How is Easter celebrated in Africa? Easter is a time to remember the crucifixion, death, and resurrection of Jesus Christ. Like in other parts of the world, hundreds of millions of Christians in Africa celebrate their redemption during the Easter season.
In Africa, Easter is celebrated as a main function of the Christian communities. In the Easter Vigil hundreds of people assemble in the church building.
In most parish churches the Easter Vigil is anticipated, because there are no lights, usually beginning at 3pm and finishing at dark, around 6pm.
The church is decorated by Vitenge and Kanga, clothes made up in the form of butterflies, flowers, banana trees etc.
Christian hymns are accompanied by the beating of drums and Kigelegele, the high-pitched sounds made by women.
After the Mass, traditional dances are held outside of the church. Then people return home to continue their celebrations with local food and drinks.
In some parishes the people remain around the church after Mass and sit in their small Christian communities to continue the celebration of eating and drinking, as ceremonial dances and entertainments continue around them.
In Africa, Easter has a social dimension as well as a spiritual one. At Easter families come together. They share special food with Christians and non-Christians indulging in boiled or roasted rice with meat or chicken.
Meat being very scarce and expensive in Africa, the laws of abstinence (not eating meat) does not hold good.
Africa is huge. Its population is more than 1.341 billion in 2020. Nearly one fourth of the population are Christians, and in whichever country where the majority are Christians, we see Easter as a big occasion.
It is a National Holiday:
People get a weekend break, as countries declare it a national holiday. For businesses that work on Saturdays, the employees are free to take breaks on Friday and Monday, but they should report to work on Saturday.
Attending Services in church: All religious Christians make it a point to attend the church services, and most of them happen in early mornings and before the mid day.
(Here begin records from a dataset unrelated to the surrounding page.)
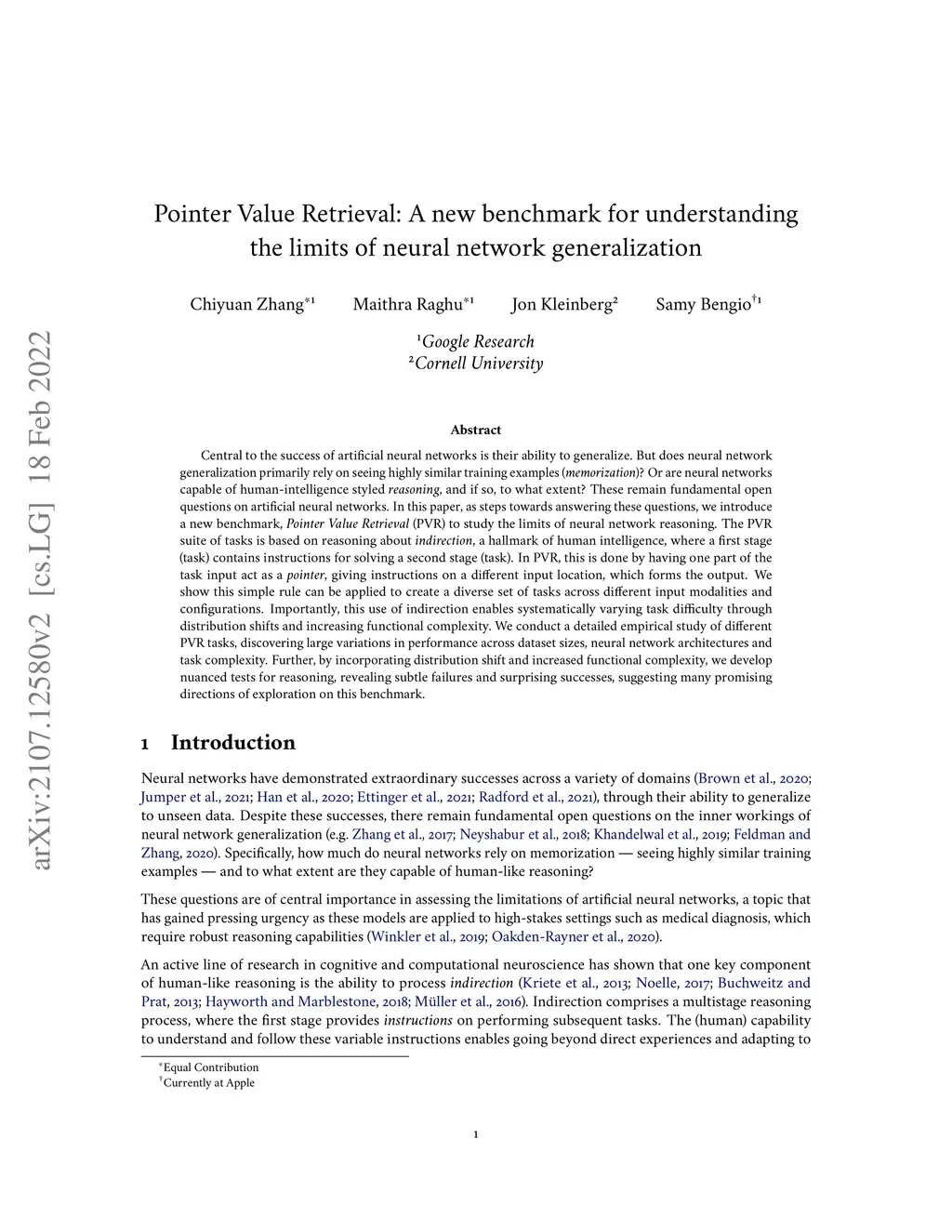 Central to the success of artificial neural networks is their ability to generalize. But does neural network generalization primarily rely on seeing highly similar training examples (memorization)? Or are neural networks capable of human-intelligence styled reasoning, and if so, to what extent? These remain fundamental open questions on artificial neural networks. In this paper, as steps towards answering these questions, we introduce a new benchmark, Pointer Value Retrieval (PVR) to study the limits of neural network reasoning. The PVR suite of tasks is based on reasoning about indirection, a hallmark of human intelligence, where a first stage (task) contains instructions for solving a second stage (task). In PVR, this is done by having one part of the task input act as a pointer, giving instructions on a different input location, which forms the output. We show this simple rule can be applied to create a diverse set of tasks across different input modalities and configurations. Importantly, this use of indirection enables systematically varying task difficulty through distribution shifts and increasing functional complexity. We conduct a detailed empirical study of different PVR tasks, discovering large variations in performance across dataset sizes, neural network architectures and task complexity. Further, by incorporating distribution shift and increased functional complexity, we develop nuanced tests for reasoning, revealing subtle failures and surprising successes, suggesting many promising directions of exploration on this benchmark.
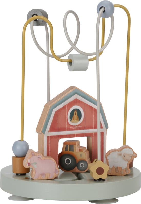 Deze houten activiteitenspiraal in boerderij thema biedt een leerzame activiteit voor jouw kindje. Breng de tractor, het varkentje, het schaap en de blokjes van de ene naar de andere kant! Geschikt voor kinderen vanaf 18 maanden.
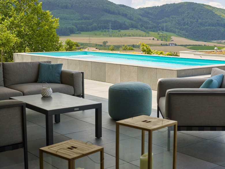 Bei diesem Schwimmbadbau, wurde das Schwimmbad auf Wunsch nicht bodeneben verbaut. Daraus resultierte ein Sitzbereich, welcher zum Verweilen am kühlen Nass einlädt.
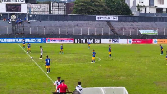TRIBUNMANADO.CO.ID - Persma Manado untuk sementara unggul 1-0 atas PS Kuda Laut Belang dalam lanjutan Liga 4 Piala Gubernur Sulawesi Utara di Stadion Klabat Manado, Sabtu (8/3/2026).
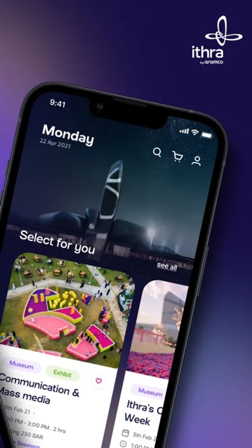 The Ithra mobile app will assist you in your journey of enrichment. Explore the most up-to-date programs offered at Ithra, and create a list of your favorites. We will help you to organize the date and time of your favorites to ensure your next visit is smooth and pleasant.
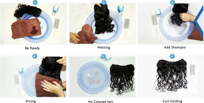 Wig or chignon need to be washed with a special shampoo for synthetic hair and dried on a special stand or loosely and unfolded. Such curls are capable of “remembering the shape,” and if they are dried up in a crumpled form, then creases may occur. In addition, after the strands will be hard to comb. The temperature at which it is necessary to wash artificial wigs is 15-20 degrees.
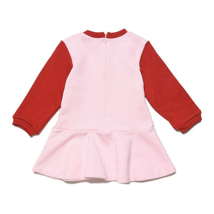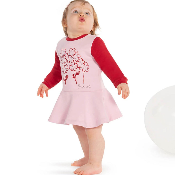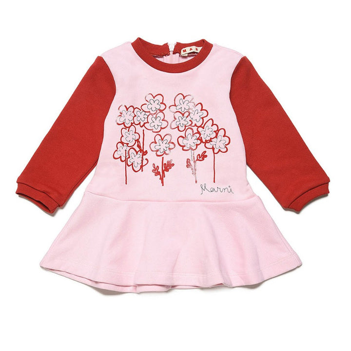 Long-sleeved dress, in fleece with contrasting collar and sleeves. It features a "little flowers" print on the front accompanied by the cursive Marni logo and a full skirt on the bottom.
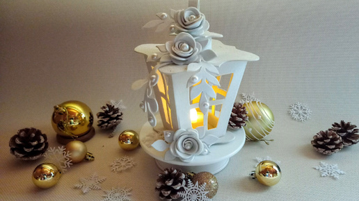 Новогодний декор своими руками. Как сделать декоративный фонарь из фоамирана. Ссылка на шаблон в описании под видео.
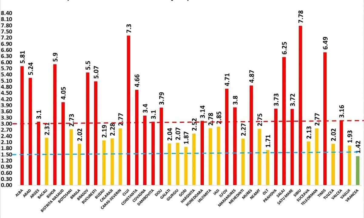 GRAFIC: Topul județelor cu incidența cea mai mare a cazurilor COVID. Date oficiale din 13 noiembrie
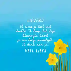 Sterkte kaarten met bloemen zijn er in alle soorten en maten. Zo hebben we kaarten met een grote bloem op de voorkant, subtiele bloemen of juist een hele bos fleurige bloemen. Er is voor iedere bloemenliefhebber wel een geschikt sterkte kaartje. De sterkte kaarten kan je zelf helemaal personaliseren in onze kaartmaker. De ontvanger krijgt daardoor een mooie persoonlijke bloemenkaart op de deurmat.
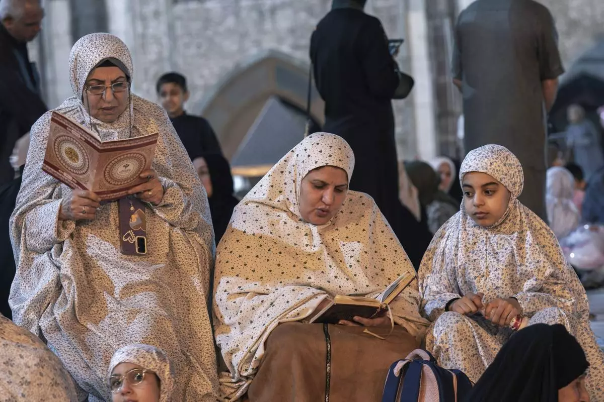 Sunni women read the Quran during Laylat al-Qadr, or the Night of Destiny, in the holy Sunni shrine of Abdul-Qadir al-Gailani, in the holy fasting month of Ramadan, in Baghdad, Iraq, Wednesday, March 26, 2025. (AP Photo/Hadi Mizban)

Party time: This is strictly an activity for those who can afford it. People meet their extended family, relatives and friends and dine together. Barbeque typically features in most get togethers. Some choose to take the long drive and drive outside the city. Since it is a long weekend, travel becomes a natural choice. Some organize family meets at their own place, where social meet up, catching up on old times, lectures and family fun continues.
The following are the most common meal items at this time:
Though the basic celebration of celebrating Easter in Africa is quite similar to Easter celebration in America or Europe, there are some key differences:
The bunny is conspicuously absent in entire African Easter celebrations.
No egg treasure hunts. Egg hunts, which is one of the most common activities of Easter celebrations is the west, are not practiced at all in Africa.
No shopping spree. Though family members exchange little gifts on the occasion, it is not marked by any heavy shopping activity, new clothes etc.
Exchanging gifts is quite popular in the African tradition, and it can be seen more in the urban areas. In some cultures, not accepting a gift is taken to be an insult.
Being dressed up in the right attire is a very important activity for the Africans on Easter. Most wear black on Good Friday, to mourn the crucification of Jesus Christ, while white is worn on Easter Sunday, to commemorate the resurrection. Some wear traditional clothing. Churches are also decorated with traditional clothes, and with images of crucifixion and resurrection.
Saturday is not a holiday. In the entire west, Easter break is from Friday till Monday included. In Africa, while Friday and Monday are off, Saturday is a full working day, when people get back to work.
No carnivals or parades. Though there are some small processions, where the priest who carries the Cross is followed by a group of people, there are no celebratory carnivals or parades for the occasion. In some places, however, traditional dances are performed wearing traditional dresses, in front of churches.
Easter month is reasonably warm, and people love to flock to the beaches, Christian or not. The extended weekend provides the added incentive. It has now become a common practice for friends and families to spend their Easter on a beach.
In the KwaZulu-Natal and Limpopo regions of South Africa, Easter celebrations are marked by a traditional African dance. It existed long before the advent of Christianity in South Africa, and has continued over the ages.